Tories put themselves atop Olympic podium Add to ...

VANCOUVER - Halfway through the Winter Olympics and Stephen Harper's Tories are already out with a new video campaign, starring Mike Duffy, pitching pride and patriotism in our athletes and country.

It didn't take them long to use the Games to appeal to supporters.

To be clear, the good senator from PEI and well-known former broadcaster is not asking for donations or for votes. Rather, he appears in the video with a supporting cast of one - Senator Nancy Greene Raine, who is also Canada's Olympic ambassador.

Together, they engage in a hokey pitch - at one point he says, 'Hey, Nance," as he introduces his colleague - about Canada's athletes and how they are competing against the world's best.
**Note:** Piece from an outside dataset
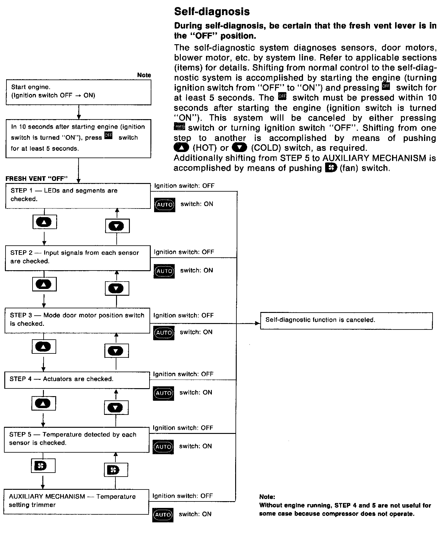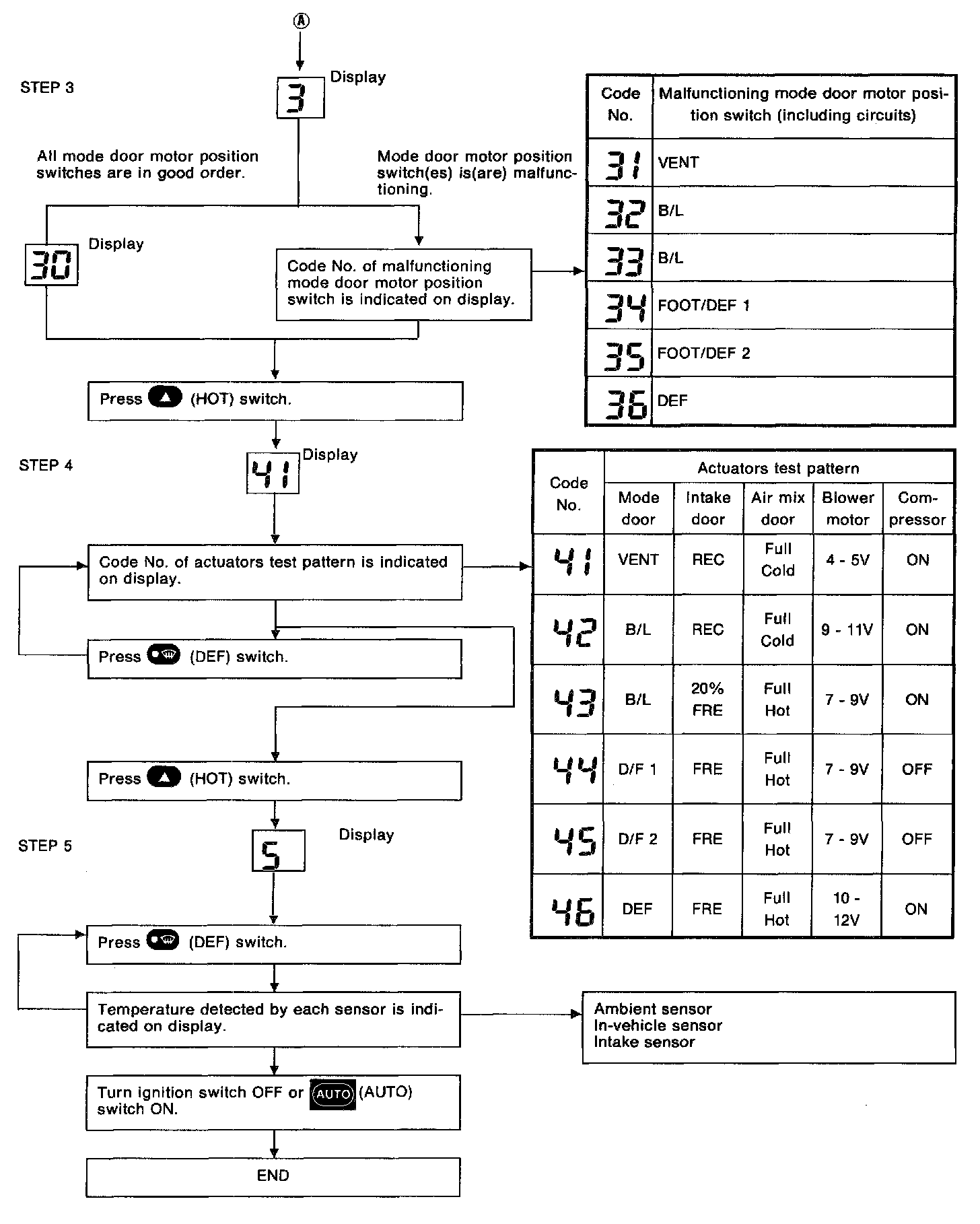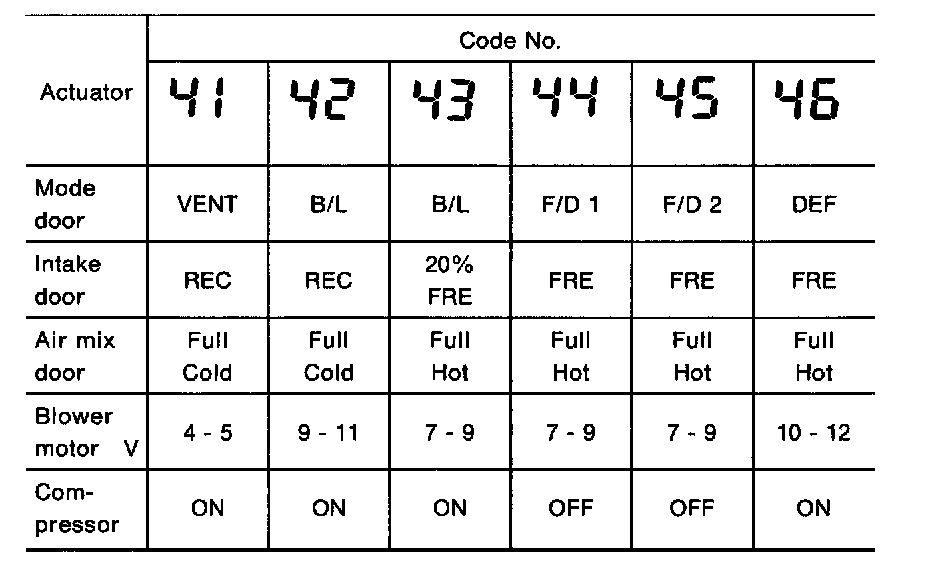 - During inspection in STEP 4 mode, be certain that the fresh vent lever is in the "OFF" position. The auto amplifier will forcefully transmit an output to the affected actuators in response to code No. shown on display, as indicated in table below.

Ms. Greene Raine compares the athletes to "our strong leader," Mr. Harper, who is in a competition of his own: "With our strong leader Canada will continue to compete with the world's best," she says. And Mr. Duffy, who also refers to his colleague as "my Olympic champion," goes on to say, "We Conservatives are champions in our own right."

An e-mail from Mr. Duffy, sent to Conservative supporters, provides the link to the video. Mr. Duffy writes: "Thank you for taking a few minutes during this busy time to reinvigorate our Canadian pride, by listening to the Conservative story - Canada's story. Our athletes' success on home soil makes us think about the Conservatives incredible track record of historical firsts."

Fred DeLorey, Conservative Party spokesman, says the focus of the video is to show Conservative pride in Canada's athletes and the country.

"It is time for Canadian pride, and we want Canadians to tell us what makes them proud of our country - and at the same time, we want to highlight to our supporters the role the Conservative Party has played in Canada's development," Mr. DeLorey says.

So far it's not working on former Progressive Conservative member Larry McLean.

"I found the e-mail particularly offensive," says Mr. McLean, who writes to all sorts of politicians and figures that's why the Tories must have his address. "The Conservatives are using the Olympics for their own crass political purposes."

So what if they are? Does this campaign of using the Olympics actually translate into winning votes for the government? Is there such a thing as a "gold-medal bounce" - enough goodwill resulting from the Games to bounce the Tories into a majority government?

"Since federal politics these days is a game of inches, anything that helps, helps," says Darrell Bricker, global CEO of Ipsos Public Affairs, a polling firm. "… anything that improves the overall public mood helps the incumbent."

Nik Nanos, of Nanos Research, says these Games can help bolster the image of a politician. For Canadians to see the Prime Minister at events, cheering on the country's athletes, provides a platform for him to display a "human face," Mr. Nanos says. But he does not believe it will make an impression at the ballot box.

As for Mr. Bricker, he says that regardless of how many medals the Canadian team wins, in the end it's all about hockey. "A true downer would be the men's hockey team getting less than gold," he says.

And so no matter how proud and patriotic Mike Duffy, Nancy Greene Raine and Stephen Harper want us to feel, they have to know that the only truly good feeling for Canadians is riding on an unpredictable puck.